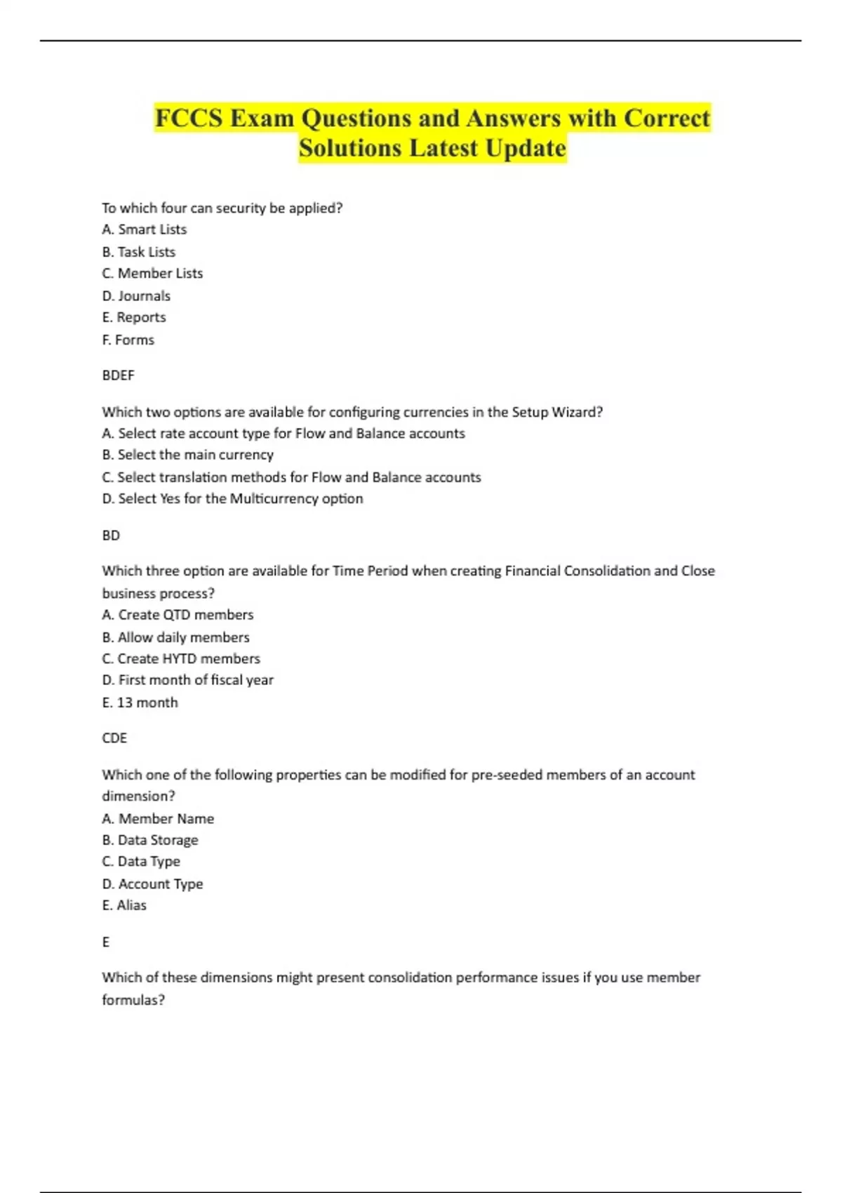 FCCS Exam Questions and Answers with Correct Solutions Latest Update To which four can security be applied? A. Smart Lists B. Task Lists C. Member Lists D. Journals E. Reports F. Forms BDEF Which two options are available for configuring currencies in the Setup Wizard? A. Select rate account type for Flow and Balance accounts B. Select the main currency C. Select translation methods for Flow and Balance accounts D. Select Yes for the Multicurrency option BD Which three option are available for Time Period when creating Financial Consolidation and Close business process? A. Create QTD members B. Allow daily members C. Create HYTD members D. First month of fiscal year E. 13 month CDE Which one of the following properties can be modified for pre-seeded members of an account dimension? A. Member Name B. Data Storage C. Data Type D. Account Type E. Alias E Which of these dimensions might present consolidation performance issues if you use member formulas?A. Period B. Movement C. Entity D. Account B Which dimension can have shared members prior to primary members? A. Intercompany B. Period C. Custom D. Movement E. Entit
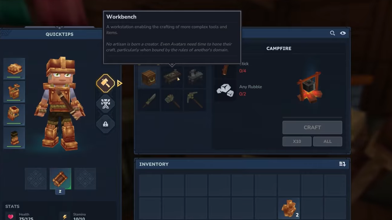 Once crafted, the Workbench must be placed in the world. You will also need it later as the interface for creating the Salvager’s Workbench.
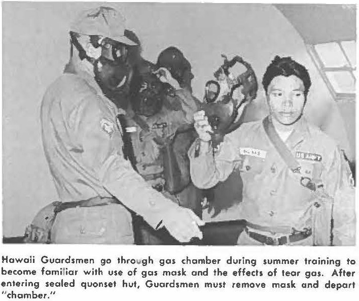 In addition to the primary mission of providing Army Air Defense for the state, personnel received training in riot control, the Ml rifle and a gas chamber exercise where the effectiveness of CS as a riot control agent became a personal experience. Members of the group staff and key unit personnel received extra instruction in the planning aspects of riot control from members of the HARNG staff.
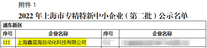 3月2日,上海市經濟和信息化委員會公布了“2022年上海市‘專精特新’企業名單”,鑫藍海位列名單之中,并順利通過公示期,正式獲得“2022年上海市‘專精特新’企業”認定。
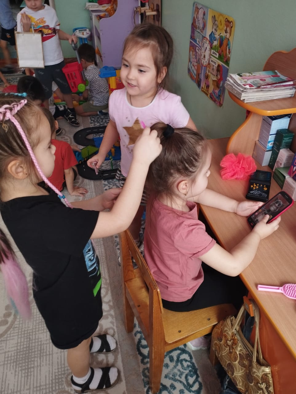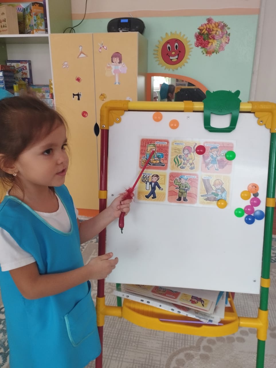 "Сұлулық салоны", "Құрылыс", "Балалар ауруханасы" рөлдік ойындарының көмегімен балалар өздерінің маңыздылығын түсініп, мамандықтары бойынша көкжиектерін кеңейтті.
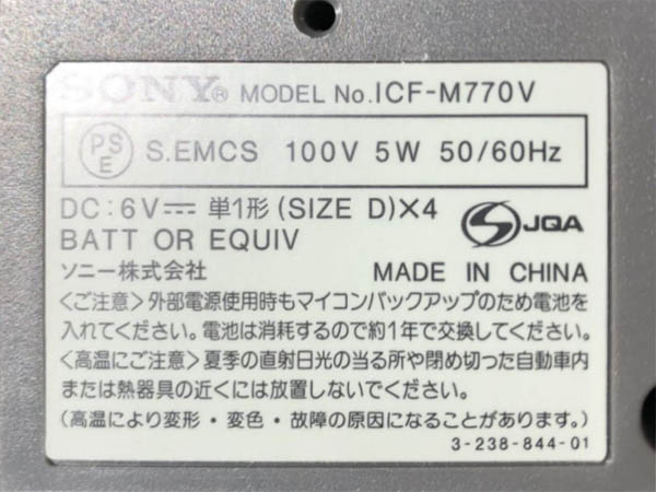 | ICF-M300V | 昭和63年(1988) FM/AM/TV |

**Exercise prompt**
Print exactly the lines from the first line of the records above through the line containing "In addition to", both included, and leave the pictures out.

**Answer area**
 FCCS Exam Questions and Answers with Correct Solutions Latest Update To which four can security be applied? A. Smart Lists B. Task Lists C. Member Lists D. Journals E. Reports F. Forms BDEF Which two options are available for configuring currencies in the Setup Wizard? A. Select rate account type for Flow and Balance accounts B. Select the main currency C. Select translation methods for Flow and Balance accounts D. Select Yes for the Multicurrency option BD Which three option are available for Time Period when creating Financial Consolidation and Close business process? A. Create QTD members B. Allow daily members C. Create HYTD members D. First month of fiscal year E. 13 month CDE Which one of the following properties can be modified for pre-seeded members of an account dimension? A. Member Name B. Data Storage C. Data Type D. Account Type E. Alias E Which of these dimensions might present consolidation performance issues if you use member formulas?A. Period B. Movement C. Entity D. Account B Which dimension can have shared members prior to primary members? A. Intercompany B. Period C. Custom D. Movement E. Entit
 Once crafted, the Workbench must be placed in the world. You will also need it later as the interface for creating the Salvager’s Workbench.
 In addition to the primary mission of providing Army Air Defense for the state, personnel received training in riot control, the Ml rifle and a gas chamber exercise where the effectiveness of CS as a riot control agent became a personal experience. Members of the group staff and key unit personnel received extra instruction in the planning aspects of riot control from members of the HARNG staff.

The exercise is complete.